Bibliometrics is observed to be playing an increasing role in assessing the performance of researchers across the world. But the complexities of both the data sources and the methods of analysis used are little understood by many of those who wish to make use of the results. It has been noted that even measuring the UK's share of the global production of scientific publications is highly complex, with traps for the unwary and huge differences in the published figures.
Titled 'The UK's share of world research outputs: an investigation of different data sources and time trends', the report is the result of work undertaken by Grant Lewison and colleagues in the CIBER group at University College London. It analyses the sources and methods used in seven reports that give figures for the UK's percentage presence in world science: Evidence Ltd, Forskningsradet (Research Council of Norway), National Science Foundation, Observatoire des Science and Technologies, SCImago, the European Commission and the Wellcome Trust.
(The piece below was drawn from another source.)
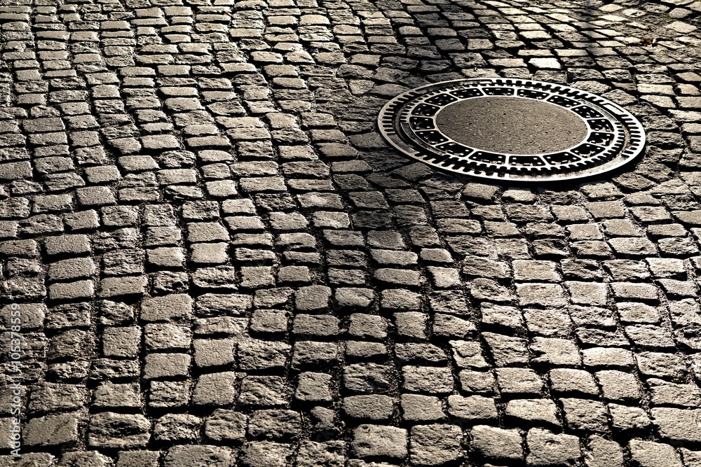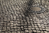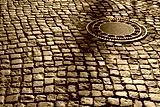 Gullideckel auf einer alten Straße

The figures given in different published reports for the UK's percentage share in world science vary by as much as 40 percent, it has been observed. With such major differences, it is difficult for policy-makers and others concerned with the health of the UK research base to get a clear picture of how well it is performing. The RIN report explains how these difference arise, and reflects on the implications for the measurement of UK scientific performance. It emphasises that producers and publishers of bibliometric data must make much more transparent the choices they have made as to data sources and methodology, and the implications of those choices.
Further, the report calls for policy-makers and others interested in the health of the UK research base to take greater care to interrogate the figures that they use and to present them accurately. Otherwise the risk is that policy and related decisions will be made on the basis of false assessments. The report is available online at www.rin.ac.uk/uk_presence_research.